Your output should be exactly the lines from the one containing "Bottoms > Plus" through the final line of the following data, please, with no pictures.

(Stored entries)
+ + + + + + +

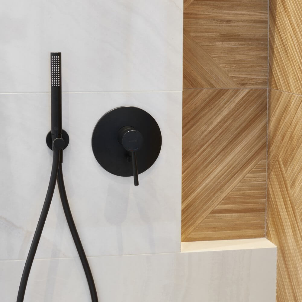 Kamień i drewno tworzą wyjątkową atmosferę. Te dwa naturalne materiały doskonale się uzupełniają, tworząc harmonijną kompozycję. Płytki Onyx Ciemnobeżowe i Jasnobeżowe Rako dodały łazience luksusowego i ekskluzywnego charakteru, podkreślając elegancję wnętrza. Zastosowanie ich na ścianach, podłogach, a także w postaci blatu, zapewniło niezwykłą harmonię. Okładzina ścienna pod prysznicem, czyli płytki imitujące drewno Madera, dodają z kolei ciepła i przytulności, nadając wnętrzu naturalnego i przyjaznego wyglądu. Ich faktura i kolor przemycają pożądany kontrast. Ta połączona kompozycja stanowi doskonałe rozwiązanie dla osób, które cenią sobie dobry design i wysoką jakość wykończenia przestrzeni łazienkowej.
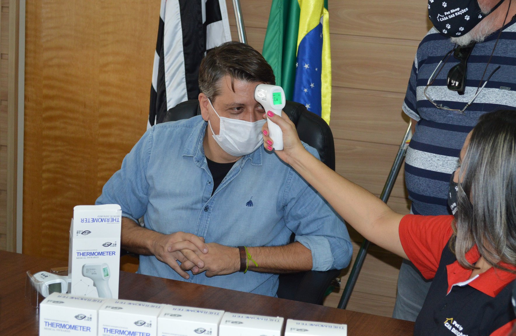 Pessuto durante exibição de instrumento térmico no Gabinete. Foto: Divulgação / Prefeitura Municipal de Fernandópolis
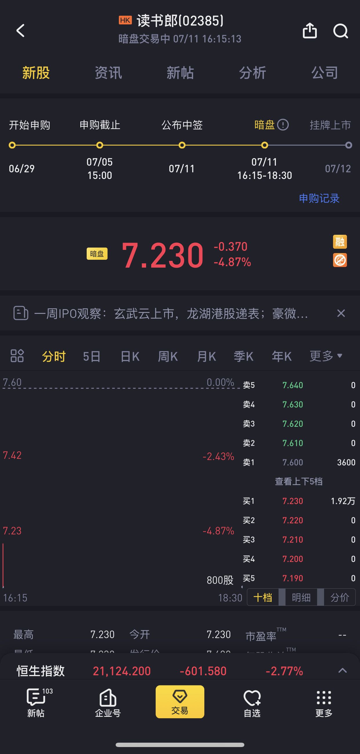 7月11日,$中康控股(02361)$暗盘报5.1港元,较发行价跌4.85%,公司每股定价5.36港元,每手500股;$读书郎(02385)$暗盘报7.23港元,较发行价跌4.87%,公司每股定价7.60港元,每手400股,两只股票均将于7月12日(周二)港股挂牌上市。
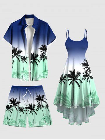 Bottoms > Plus Size Coconut Tree Tropical Leaf Ombre Colorblock Print Hawaii Beach Shorts For Men
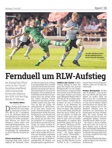 Im Kampf um Platz zwei in der Vorarlbergliga empfängt Alberschwende heute die Admira, der DSV tritt bei Egg (beide 17 Uhr) an.
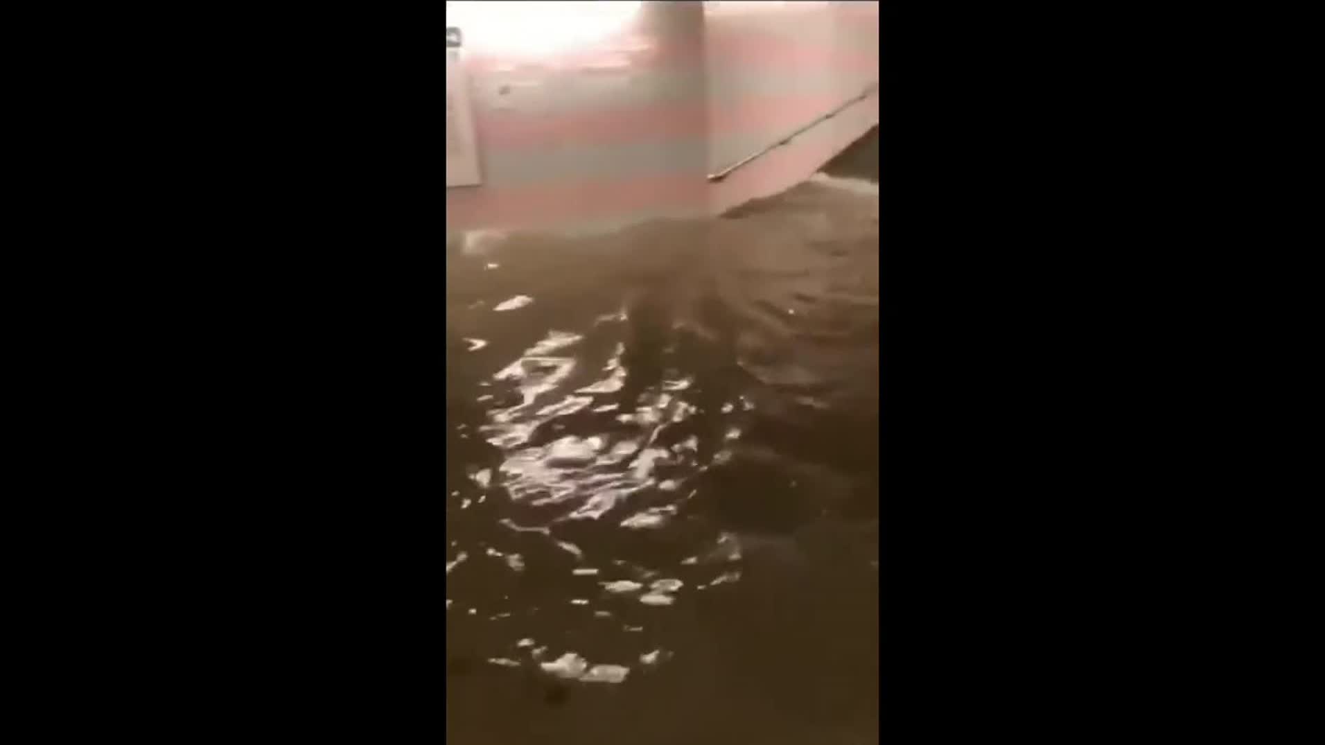 從網上影片可見,事發地點相信是彩虹站的C出口因接連行人隧道,大量雨水經地面沿樓梯湧進隧道及彩虹站內,3名港鐵職員合力嘗試關上出口的鐵閘,其間有人不斷傳出吃力的叫聲﹕「快啲呀!」,但閘門估計因水壓的關係,難以被拉開,職員只能一點點拖出閘門。片段結束時,兩扇閘門其中一扇成功拉開,另一扇只拉了三分之一。
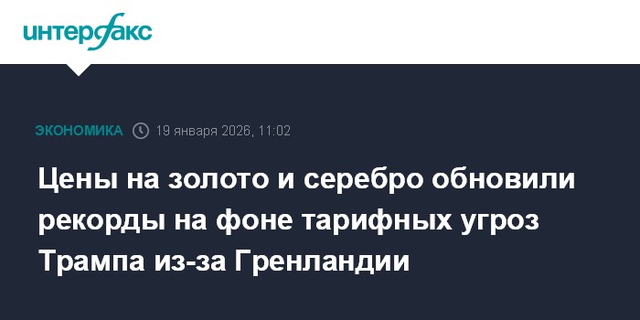 Москва. 19 января. INTERFAX.RU - Цены на золото и серебро обновили рекорды в понедельник на фоне увеличения спроса на активы "тихой гавани" в связи с ситуацией вокруг Гренландии.
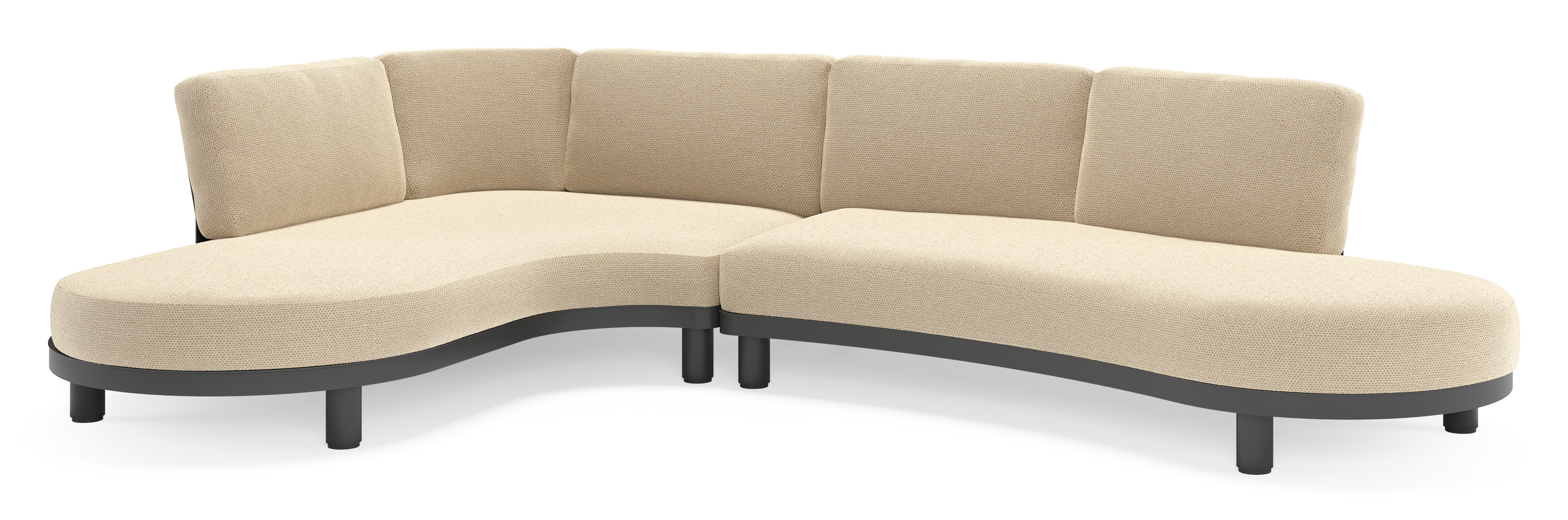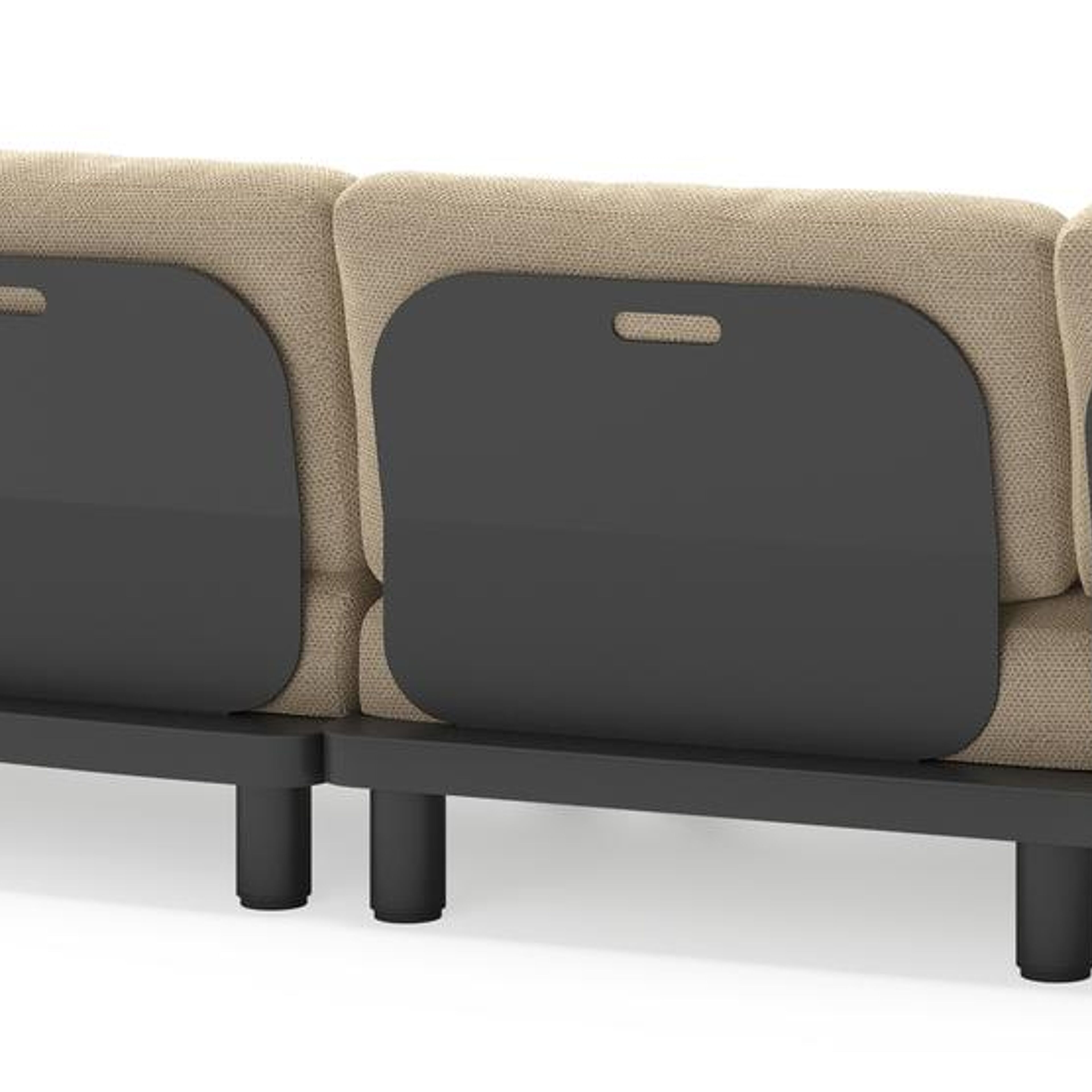 Donato loungehoek in zwart aluminium met all weather cosytica Althea Camel kussen | Exterioo tuinmeubelen

+ + + + + + +

RESPONSE TO THIS TASK:
 Bottoms > Plus Size Coconut Tree Tropical Leaf Ombre Colorblock Print Hawaii Beach Shorts For Men
 Im Kampf um Platz zwei in der Vorarlbergliga empfängt Alberschwende heute die Admira, der DSV tritt bei Egg (beide 17 Uhr) an.
 從網上影片可見,事發地點相信是彩虹站的C出口因接連行人隧道,大量雨水經地面沿樓梯湧進隧道及彩虹站內,3名港鐵職員合力嘗試關上出口的鐵閘,其間有人不斷傳出吃力的叫聲﹕「快啲呀!」,但閘門估計因水壓的關係,難以被拉開,職員只能一點點拖出閘門。片段結束時,兩扇閘門其中一扇成功拉開,另一扇只拉了三分之一。
 Москва. 19 января. INTERFAX.RU - Цены на золото и серебро обновили рекорды в понедельник на фоне увеличения спроса на активы "тихой гавани" в связи с ситуацией вокруг Гренландии.
 Donato loungehoek in zwart aluminium met all weather cosytica Althea Camel kussen | Exterioo tuinmeubelen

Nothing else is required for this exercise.